Namanya Arvika. Aku tahu dia saat pertama masuk sekolah karena saat itu kita satu kelompok saat masa orientasi siswa. Dia sama seperti aku, tidak terlalu menonjol di antara teman-temannya. Yang aku tahu, dia selalu bersama temannya seorang laki-laki dan perempuan. Kalau tidak salah namanya Adri dan Sinan.

Tapi kali ini aku lihat dia berjalan seorang diri. Tidak biasanya dia sendirian. Biasanya mereka selalu sepaket kecuali ketika ke kamar mandi. Dan yang aku tidak mengerti,  kenapa hantu itu pergi mengikuti perempuan bermata hitam itu?

Aku menjadi penasaran dan terpaksa meminta ijin untuk mengetahui apa yang terjadi beberapa saat yang akan datang.

Aku memperhatikan gadis yang kini berada di tengah lapangan. Dia tampak bingung dengan tatapan kosong. Tidak seperti Vika yang aku tahu. Mata hitamnya menerawang, bagaikan memasuki alam bawah sadarnya. Jujur saja, aku benci melihat Vika seperti itu.

Aku tidak berhenti memandanginya. Dan mataku terbelalak saat melihat hantu itu membelai tangan Vika, meniup pundak, mengajak komunikasi, bahkan kini mencakarnya?

Aku hendak melangkahkan kaki mendekati gadis yang kini terlihat ketakutan untuk mengusir hantu itu. Aku tidak bisa membiarkan pemandangan ini berlangsung begitu saja. Vika memeluk badannya dengan makhluk itu yang masih berkeliaran mengganggunya. Membuat gadis itu mulai menutup rapat matanya.

Namun langkahku terhenti ketika aku melihat Vika pingsan dan Vika yang lainnya berdiri berhadapan dengan hantu itu.

Aku yakin melihat dua Vika. Tapi, bagaimana bisa? Roh Vika keluar dari tubuhnya sendiri dan sekarang sedang ketakutan karena hantu itu sedang mencengkram tangannya.

"Pergi! Jangan ganggu aku! Pergi!" gadis berambut panjang itu berteriak dan melepaskan genggaman hantu itu.

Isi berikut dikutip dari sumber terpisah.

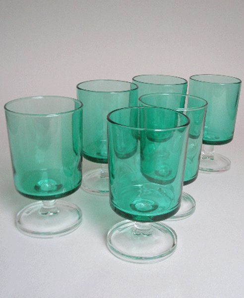 SET OF SIX FRENCH GREEN WINE GLASSES

Aku melihat sendiri Vika berlari, berusaha menghindari gangguan hantu. Aku sendiri menjadi bingung. Haruskah menghampiri raga Vika, atau roh Vika? Namun aku segera mengamankan terlebih dahulu raga Vika dan kubawa dia ke ruang UKS. Beberapa orang ada yang ikut membantu dan penasaran dengan apa yang terjadi.

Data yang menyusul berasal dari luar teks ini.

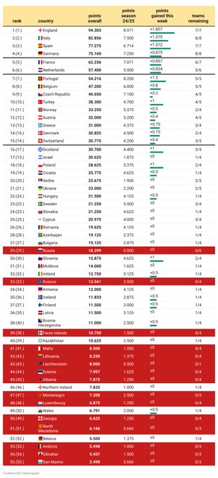 Deux défaites dommageables mais pas préjudiciables à l’indice UEFA, notamment dans la course à la cinquième place face aux Pays-Bas. En effet, à l’issue de cette semaine européenne, la France est 5e devant les clubs néerlandais avec une avance confortable de plus de 4 points. Une avance cruciale puisque rappelons que la 5e place du classement UEFA offre trois places directes en Ligue des Champions via le championnat, plus une au troisième tour préliminaire tandis que la 6e place ne donne que deux places directe et une en option.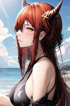 , (masterpiece:1.2), best quality,PIXIV,1girl, solo, surtr (arknights), horns, red hair, long hair, breasts, looking at viewer, swimsuit, bikini, purple eyes, bare shoulders, long sleeves, from side, parted lips, hair rings, detached sleeves, black bikini, outdoors, upper body, official alternate costume, large breasts, star hair ornament, blush, day, hair ornament, star (symbol), bangs, sky, blue sky, hair intakes, looking to the side, sunlight <lora:sketch style_20230721202436:0.9>

"Vika kenapa?" tanya gadis tinggi dengan rambut dikucir. Wajahnya begitu panik melihat sahabatnya yang terkulai lemah.

Tadi aku menyuruh salah satu murid untuk memberitahu Sinan, Adri dan guru kelasnya.

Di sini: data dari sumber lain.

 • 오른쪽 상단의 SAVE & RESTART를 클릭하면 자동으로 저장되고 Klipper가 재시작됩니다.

"Dia pingsan di tengah lapang," jawabku.

"Kok bisa?" tanya Adri dan Sinan kompak.

Aku tidak menjawab. Tidak mungkin mengatakan apa yang kulihat. Mereka bisa menganggapku gila.

Aku meminta orang-orang keluar dari ruang UKS kecuali Sinan dan Adri. Aku takut jika terjadi hal-hal di luar nalar yang bisa menyebabkan ketakutan pada seisi sekolah.

Dan yang ditakutkan terjadi. Kami bertiga menyaksikan air mata Vika mengalir dari sudut matanya. Di pipinya tiba-tiba terdapat cakaran yang cukup panjang. Begitu kontras warna merah darah dengan pipi putihnya. Padahal sebelumnya tidak ada luka di tubuhnya selain yang ada di tangan. Aku yakin bahwa luka di tangannya itu merupakan hasil perbuatan hantu itu.

Sinan mendekat dan berusaha membangunkan Vika.

"Vik, bangun Vik." Sinan menggoyangkan lengan Vika, namun tidak ada reaksi apapun.

Sinan dan Adri bergantian membangunkan Vika. Tapi itu semua sia-sia.

"Percuma," ucapku.

Adri dan Sinan menoleh kepadaku.

"Maksud kamu?" tanya Sinan.

"Aku ga bisa bilang. Yang pasti, Vika dalam bahaya."

Aku berbalik dan berjalan menuju pintu. Namun langkahku dihadang oleh lelaki berkaca mata yang tingginya sama denganku.

"Aku tahu kamu aneh, tapi jangan libatkan Vika," ucap Adri dengan tatapan tajam.

Aku tersenyum kecut sambil membalas tatapannya. "Aku tidak akan menjelaskan apa-apa. Aku hanya akan membantu sebisanya. Jangan mengulur waktu lebih banyak, oke?"

Aku menepuk pundaknya dan pergi untuk mencari Vika. Sebenarnya aku pun tak yakin dapat menemukannya. Aku tidak tahu harus mencari kemana.

Aku terdiam dan berpikir sejenak saat menutup pintu UKS. Aku tidak tahu roh Vika ada di mana sekarang. Apa harus bertanya kepada hantu-hantu yang berkeliaran? Jika iya, secara tidak langsung aku membuka jati diriku sendiri. Dan aku tidak mau itu terjadi.